Ages ago (OK, maybe only about five years or so), poker wasn't the worldwide phenomenon that it is today.

Poker rooms, and their wealth of characters and personality, were being replaced with alacrity by the monotonous dinging and clanging of slot machines and their automaton-like wiles. A quick look at the recent history of the game reveals this in spades.

In 2002, there was only a handful of what would be called "high-dollar" buy-in events. For the year (and admittedly this is a rough estimate by yours truly), there were only 15 tournaments that had buy-ins that crossed the $5,000 mark in the United States, with six of them being contested during the run of the World Series of Poker that year.

Two other tournaments, the World Poker Challenge in Reno, Nev., and the U.S. Poker Championship in Atlantic City, were particularly surprising by today's standards. The WPC and its $5,000 buy-in only drew in 32 entrants for its tournament. It has since gone on to become part of the World Poker Tour, with great success.

The USPC with its $7,500 buy-in tournament was only able to capture the attention of 72 players and saw exponential growth up to this year (but that was due to the dilemma of television coverage).

Let's fast-forward the tape now to 2007. You can't take a breath from one week to the next without a major tournament being contested in some location around the world. Between the WPT, the WSOP and its Circuit (and premier in Europe), the European Poker Tour and a wealth of "minor" poker tours (Heartland Poker Tour, Grosvenor British Poker Tour, Asian Poker Tour, U.S. Poker Tour, etc.), the tournament calendar is stocked with a plethora of high-dollar tournaments.

The first quarter of 2007 alone featured more top-dollar tournaments than the total tournaments in 2002 and there were still nine months of the year to go!

Two recent tournaments come to mind that may have suffered as a result of today's abundance of competitions. The WPT's Turks & Caicos Poker Classic was able to draw only 137 players to the felt. It could have been bigger but the fact that it was run in conjunction with the second tournament I'm thinking of, the EPT's London event (392 runners), surely had some effect on the turnout at both.

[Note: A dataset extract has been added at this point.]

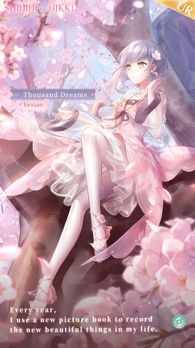 :o artist_request black_ribbon card_(medium) chinese_clothes collared_dress commentary copyright_name day dress english_commentary english_text flower frilled_dress frills grey_hair hair_flower hair_ornament high_heels highres in_tree knees light_particles logo long_sleeves neck_ribbon nikki_(series) official_art outdoors pantyhose parted_lips petals pink_dress pink_flower pink_shoes pumps ribbon second-party_source see-through_clothes see-through_pantyhose see-through_sleeves shining_nikki shoes short_hair sitting spring_(season) swept_bangs thousand_dreams_(shining_nikki) tree white_pantyhose white_sleeves wide_sleeves wind yellow_eyes yexiao_(shining_nikki)

Admittedly, the rebirth of poker has done a great deal for the game. Casinos that once either were considering closing poker rooms or had none at all suddenly saw the value in having them as a part of their operation.

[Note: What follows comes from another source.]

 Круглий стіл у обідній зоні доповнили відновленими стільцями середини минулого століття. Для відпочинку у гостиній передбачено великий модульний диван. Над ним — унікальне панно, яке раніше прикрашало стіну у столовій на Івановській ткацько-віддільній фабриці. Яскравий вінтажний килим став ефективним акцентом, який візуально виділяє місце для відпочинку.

The WSOP has grown at an astronomical rate since 2002, and since its birth that same year the WPT has yet to be slowed down. Even outside of the tournament poker scene, cash games are thriving and poker rooms are packed to the gills. There is a serious question to ask when you look at these issues, though: Is it too much of a good thing?

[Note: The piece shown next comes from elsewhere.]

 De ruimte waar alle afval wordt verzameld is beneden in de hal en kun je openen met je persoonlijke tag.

The tournament poker world is potentially the most troublesome issue. With anywhere from three to five major tournaments (or more) in any given month, professional players are stretched to their limits, both financially and in expertise.

Taking the costs into consideration, it could conceivably cost a top tournament poker player in excess of $1 million if they were to play in every event. Furthermore, it would be virtually impossible to play world-class poker for a long stretch. While some players have shown the ability to get on a short run and have success in a couple of events, it is normally timed in a couple of weeks rather than a couple of months.

This not only puts a burden on the top pros (which events do they play?), it means the grinders who have fair success in the tournament game are hard-pressed to decide which tournaments are their best options.

As to the amateur who wants to take a shot, his or her decision as to when and where to go is even more difficult.

Perhaps the most obvious remedy is to reduce the number of events, something that is not very likely to happen. With the differing agendas of the poker tours, the casinos and the players themselves, there is no way that in the near future we will see a reduction in events.

A more realistic alternative is to schedule tournaments in a much more "player-friendly" manner, avoiding overlapping tournaments, which would allow for more participation in major tournaments from those more active players in the game.

In the cash-game world, the situation is leading to the death of many of the non-Hold'em games, unfortunately. Everyone today seems to want to play the game they see on television and neglects the other exciting disciplines that poker has to offer. Next time you are in a poker room, check out the board and see if you can find a Seven-Card, Omaha, Hi-Lo or split game going on (don't even bother to try to find a Razz or Five-Card game in operation). More than likely, it isn't there.

This is something that will only change when the mindset of the players begins to change. While most newcomers are drawn to Texas Hold'em, nowadays some are finding out about the pleasures of Omaha and its intricacies, and Seven-Card and its logical and mathematical side.

As these more adventurous players gain more experience, we could see a rebirth of these games in cardrooms around the world.

We should revel in the current state of the game. It doesn't appear to be slowing down, for the most part, and should continue drawing veterans and newcomers to the felt to ply their skills.

With a little help from the major tours, the casinos and even the players, it is possible to create a more level playing field for all involved, as opposed to the persistent battleground that we see on the schedules now.